▸ DATA RECORDS:
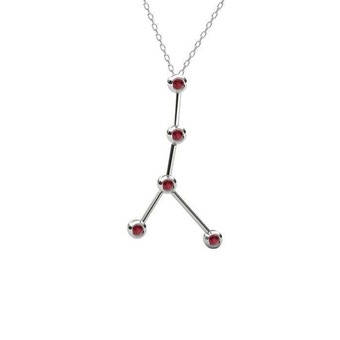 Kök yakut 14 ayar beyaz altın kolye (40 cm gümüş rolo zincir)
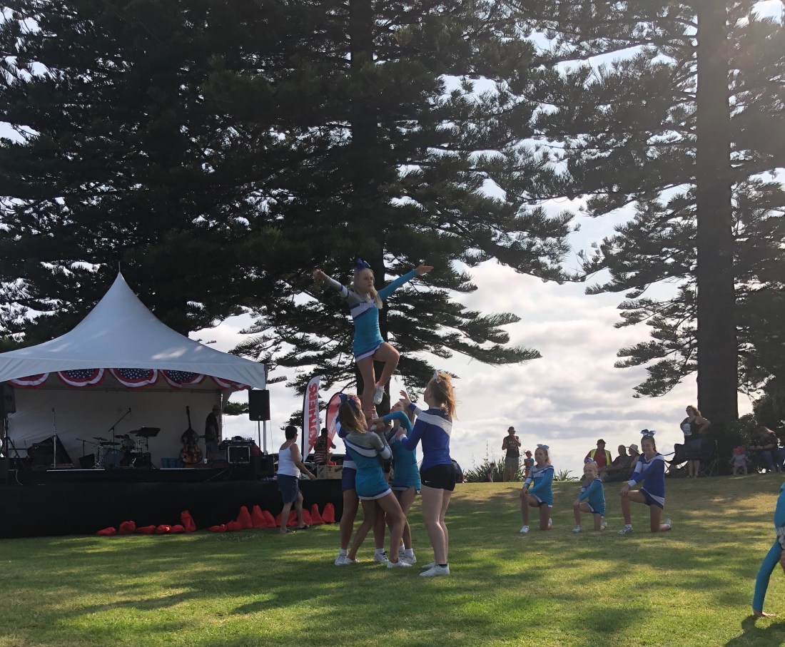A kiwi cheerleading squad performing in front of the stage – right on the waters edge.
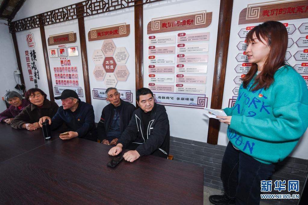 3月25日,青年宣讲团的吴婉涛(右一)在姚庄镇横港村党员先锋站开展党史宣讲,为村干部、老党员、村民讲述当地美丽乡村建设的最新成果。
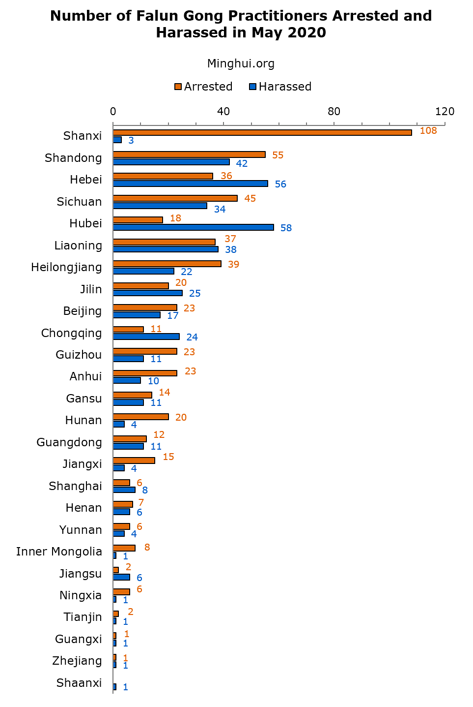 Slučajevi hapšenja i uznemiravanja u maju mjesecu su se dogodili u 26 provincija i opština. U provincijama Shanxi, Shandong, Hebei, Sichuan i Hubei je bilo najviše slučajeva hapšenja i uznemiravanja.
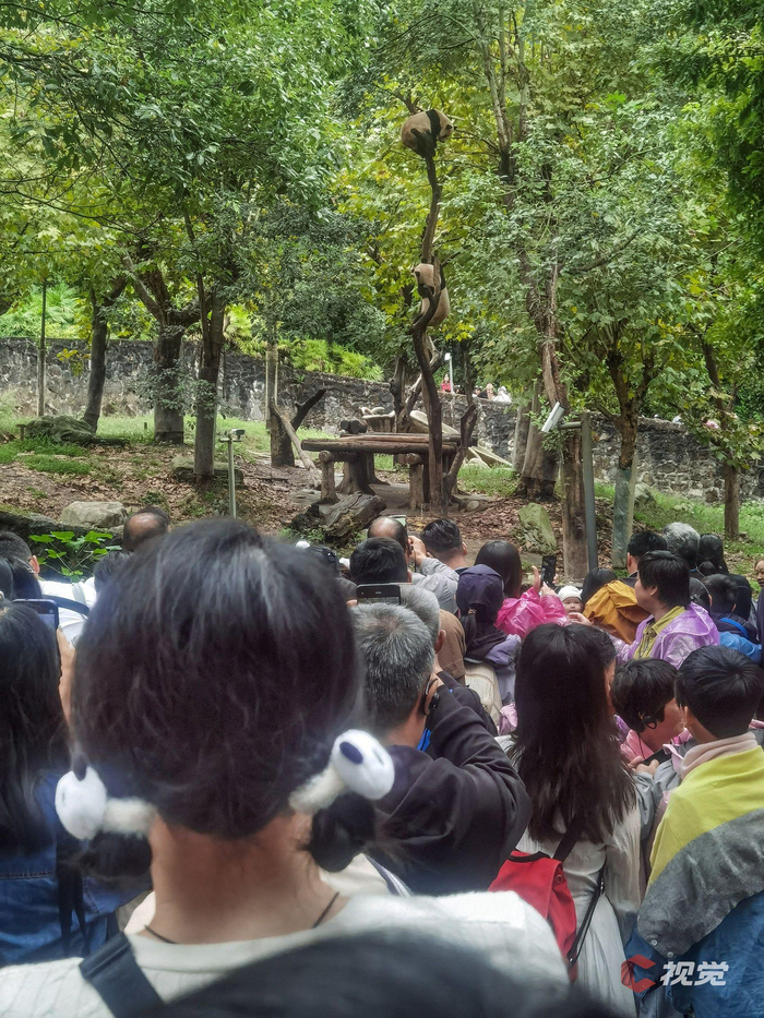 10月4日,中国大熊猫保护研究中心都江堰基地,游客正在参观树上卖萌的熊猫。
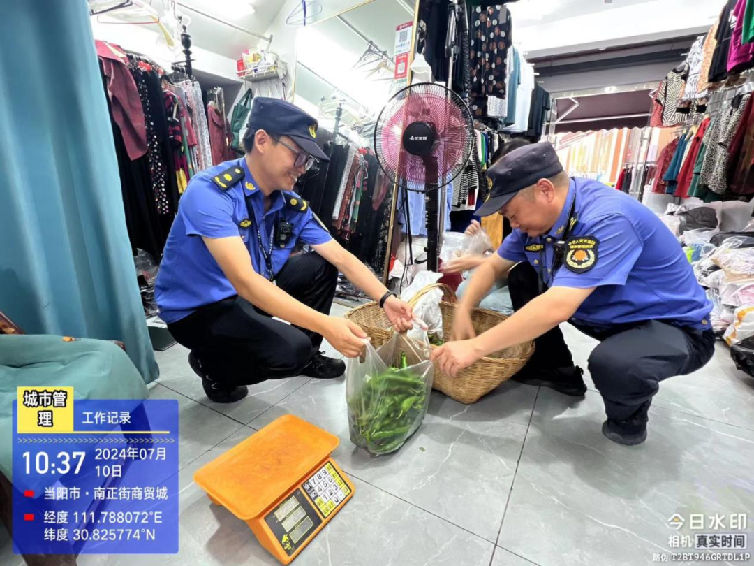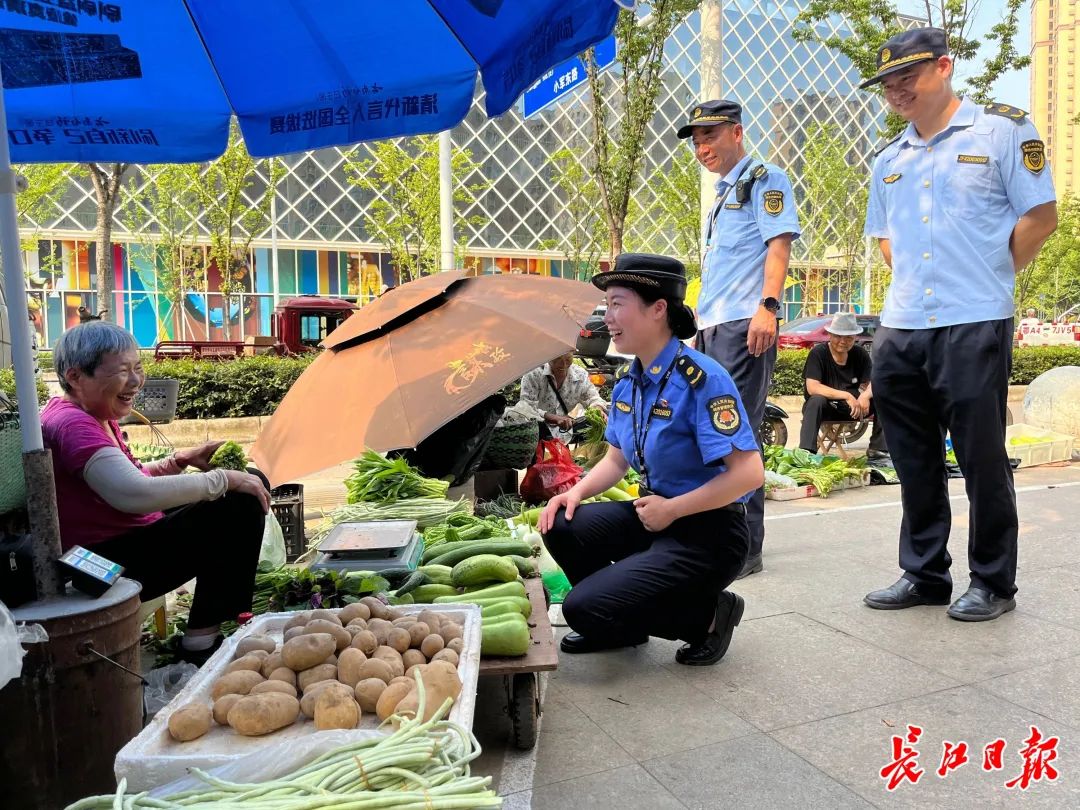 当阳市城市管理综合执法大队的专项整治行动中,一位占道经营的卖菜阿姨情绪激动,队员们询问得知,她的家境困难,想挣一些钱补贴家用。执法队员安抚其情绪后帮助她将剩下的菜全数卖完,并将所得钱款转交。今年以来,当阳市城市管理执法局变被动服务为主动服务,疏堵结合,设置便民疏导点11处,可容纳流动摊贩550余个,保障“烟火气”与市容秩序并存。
--
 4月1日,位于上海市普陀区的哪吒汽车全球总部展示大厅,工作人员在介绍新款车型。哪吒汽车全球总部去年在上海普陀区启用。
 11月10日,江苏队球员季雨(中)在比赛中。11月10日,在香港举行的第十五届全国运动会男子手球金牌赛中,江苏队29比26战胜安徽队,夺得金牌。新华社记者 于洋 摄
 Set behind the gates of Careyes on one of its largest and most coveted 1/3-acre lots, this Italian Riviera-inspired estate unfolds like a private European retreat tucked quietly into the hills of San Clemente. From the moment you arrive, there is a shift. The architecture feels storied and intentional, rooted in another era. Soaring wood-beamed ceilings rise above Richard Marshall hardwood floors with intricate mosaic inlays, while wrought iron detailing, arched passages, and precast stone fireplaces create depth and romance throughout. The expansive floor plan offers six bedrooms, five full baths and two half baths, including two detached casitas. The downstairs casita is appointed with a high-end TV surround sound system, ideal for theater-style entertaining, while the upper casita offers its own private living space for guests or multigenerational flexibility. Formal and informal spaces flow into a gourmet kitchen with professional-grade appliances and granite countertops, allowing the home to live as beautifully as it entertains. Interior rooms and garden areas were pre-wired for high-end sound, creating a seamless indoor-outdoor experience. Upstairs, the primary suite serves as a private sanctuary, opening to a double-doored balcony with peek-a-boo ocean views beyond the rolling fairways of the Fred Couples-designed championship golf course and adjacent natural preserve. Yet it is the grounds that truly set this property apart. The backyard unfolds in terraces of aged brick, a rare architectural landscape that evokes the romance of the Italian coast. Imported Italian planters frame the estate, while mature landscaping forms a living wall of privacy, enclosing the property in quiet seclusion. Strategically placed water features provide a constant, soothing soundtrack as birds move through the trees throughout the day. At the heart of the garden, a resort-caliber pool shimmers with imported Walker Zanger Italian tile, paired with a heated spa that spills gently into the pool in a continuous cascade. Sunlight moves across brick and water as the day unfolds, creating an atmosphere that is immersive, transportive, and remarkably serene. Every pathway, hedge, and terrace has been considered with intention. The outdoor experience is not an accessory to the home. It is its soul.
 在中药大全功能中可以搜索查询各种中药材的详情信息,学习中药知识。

▸ WHAT YOU SHOULD DO: Could the stretch from the line with "3月25日,青年宣讲团的吴婉" through the line with "当阳市城市管理综合执法大队的" in the listing above be restated word for word, minus the pictures?

▸ RESULT OF THE TASK:
 3月25日,青年宣讲团的吴婉涛(右一)在姚庄镇横港村党员先锋站开展党史宣讲,为村干部、老党员、村民讲述当地美丽乡村建设的最新成果。
 Slučajevi hapšenja i uznemiravanja u maju mjesecu su se dogodili u 26 provincija i opština. U provincijama Shanxi, Shandong, Hebei, Sichuan i Hubei je bilo najviše slučajeva hapšenja i uznemiravanja.
 10月4日,中国大熊猫保护研究中心都江堰基地,游客正在参观树上卖萌的熊猫。
 当阳市城市管理综合执法大队的专项整治行动中,一位占道经营的卖菜阿姨情绪激动,队员们询问得知,她的家境困难,想挣一些钱补贴家用。执法队员安抚其情绪后帮助她将剩下的菜全数卖完,并将所得钱款转交。今年以来,当阳市城市管理执法局变被动服务为主动服务,疏堵结合,设置便民疏导点11处,可容纳流动摊贩550余个,保障“烟火气”与市容秩序并存。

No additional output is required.